Back in May, I wrote a post describing a completely new Services model we call “The Works from Forceworks”. It is a Services-as-a-Subscription model that is unique in the industry. I also promised to follow up with our learnings from this new model, so today I will do just that.
First, I’ll remind you of what the offer is. Thanks to advances in low-code/no-code for Dynamics 365 and the Power Platform we decided it was finally time to launch a completely new services model. An all-inclusive, unlimited service that included not just support, but also deployments and customizations, along with several other things. You can see what we included here. Based on our analysis of recent customer history, “The Works” will cover 100% of the requirements for about 90% of the customers.
How’s it Going?
Customers are eating it up. Almost all of our existing customers have converted. I am thinking we may have left some money on the table. But now is not the time to maximize the revenue, rather now is the time to flesh this out. We wanted this to be as “turn-key” as possible starting with getting a quote that can be done right on the website. This meant “standardizing” the pricing. Today there is a Fixed Base cost, plus an additional fixed cost for certain combinations, like Dynamics for Marketing for example, and then a Per User cost.
Part of the thinking was that the number of users would be a good measure of the work our team would need to perform. But in reality, while a good general rule, there are exceptions. For example, a simple deployment with basic needs, but a large number of users, versus a highly complex deployment with only a handful of users. For the former, the price is too high and for the latter, the price is too low. We are still thinking about the best solution to this.
Almost all services offered by Partners to Customers are “reactive”, responding to customer requests. This makes sense in an hourly model as it is not the Partner’s job to decide how to spend the customer’s money. But in an unlimited subscription model, we are able to be “pro-active” since it does not affect the customers’ cost. A simple example may be once a week checking to see if all Flows are running properly or checking capacity. One of the primary differences in a Subscription model is that it is very important that the customer renews at the end of the term. Customers will scrutinize that monthly charge and compare the value they received each month. If at renewal time, they didn’t see the value, they will not renew. Over a twelve-month term there will be months that are more active than others. But you cannot allow a month to go by with no activity, and this is where pro-active services fill the gaps. We are continuing to add to the list of things that we can do pro-actively to bring value and building tools to try and automate that as much as possible.
We were initially thinking this might be a big item, and for some it is. We had this idea that all users would be added to a Team or Distribution List that our team were also members of to communicate and resolve issues. Some customers loved the idea and added all users. Others preferred to keep that group small. We built a solution that we install on each customer environment that adds a life ring icon in the top navigation. This opens a form modal where a user can report an error, ask a question or suggest an improvement which via Flow is added to the Team or Distribution list. I am pretty happy with the result having seen many improvement ideas coming directly from the trenches.
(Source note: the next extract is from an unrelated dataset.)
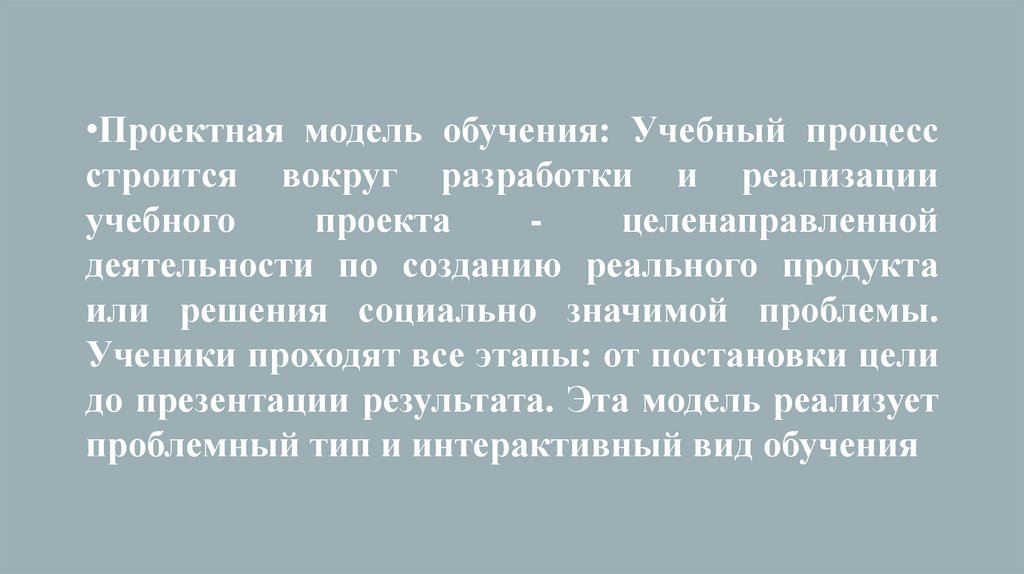 •Проектная модель обучения: Учебный процессстроится вокруг разработки и реализации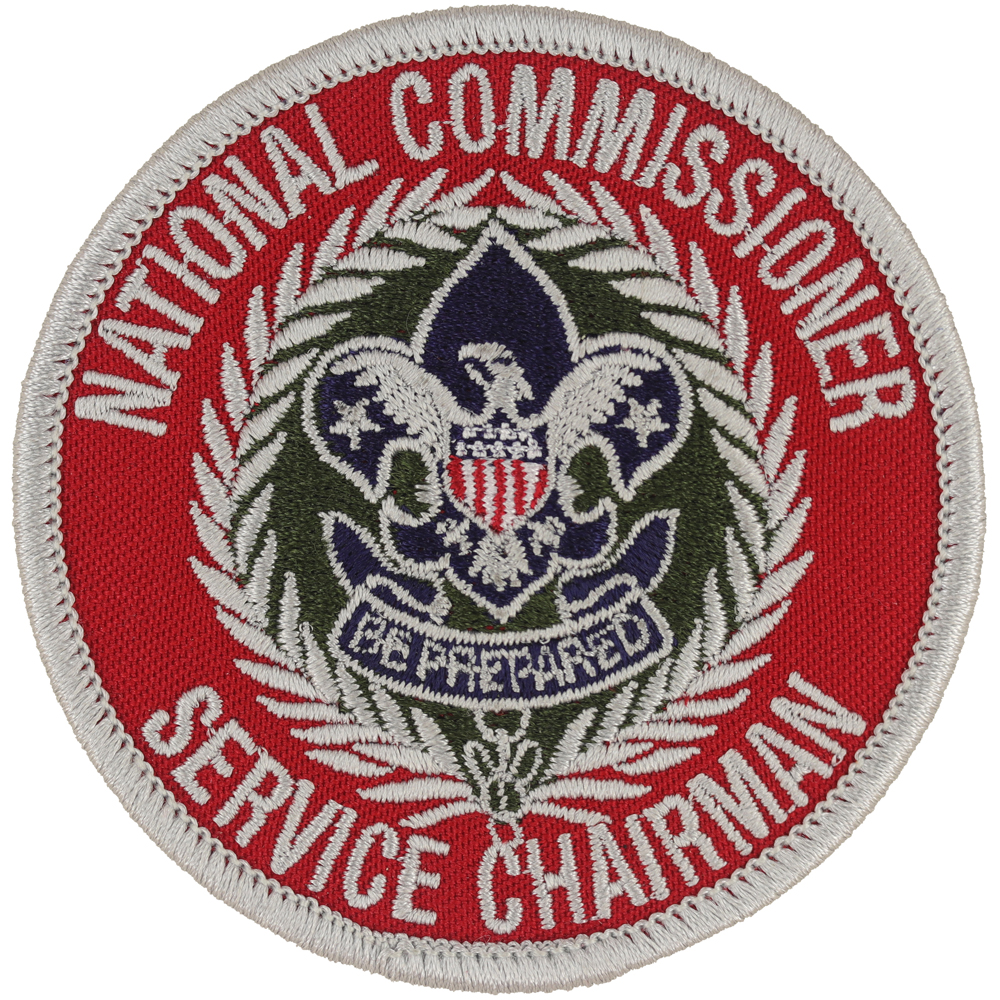 - Design: Blue First Class emblem with gray outline, wreath, and gray lettering "NATIONAL CO mmISSIONER SERVICE CHAIRMAN"

The service includes unlimited deployments. This was a dicey one, but I insisted that we include it. The easiest thing to do is to specifically exclude things from an unlimited service to reduce your risk. But you would quickly get to a point were “Unlimited” did not mean anything. This is also a key point at which an unlimited service makes extra sense. For a deployment month, you know your needs will be higher than usual. When comparing to hours you could easily spend as much in a deployment month than the entire annual subscription cost. We have not been doing this that long, but I can already see that we will go underwater during deployment months for a customer. Fortunately, deployments do not happen very often.
This service also includes unlimited customizations, and by extension, to do those properly, unlimited Solution Architecting. If low-code/no-code were not where it is today, this would not be feasible. Where deployments are typically a one-time big bang, customizations are continuous. Although the amount varies from month to month. So far this is averaging out okay.
We tried really hard to include as much as possible on an unlimited basis, but developers are expensive, and development can often take a lot of time. So “development” is excluded and offered on our traditional hours model. This is the one area that some customers get suspicious about. Looking for the “gotcha” they expect that every time they ask for anything we will cry “development”. But again, tracking with our earlier research, many customers never hear the word “development”. It does seem that the more sophisticated the customer they look for sophisticated solutions which can often require some development. There is some gray area here and we are likely to do something one-off that might meet the technical definition of development within the service rather than bring up the need for development hours, because again the goal is renewal.
Are We Making Money Yet?
It is still too early to tell, but probably not. However, this is not unusual for a new subscription service as it builds scale. We are also still building the tooling to make this more efficient. As of now, we do have one customer that I can see we will consistently lose money on every month. This is the reason I added the right for us to terminate for any reason in our Terms and Conditions. We still need to figure out the best way to handle that.
Was this a good idea? I was not sure when we launched this, but now I can see it was indeed a good idea. There is a tipping point of profitability based on the number of subscribers that we have not reached yet, but I am confident that we will. My next update will be when we reach that tipping point, hopefully in the not too distant future.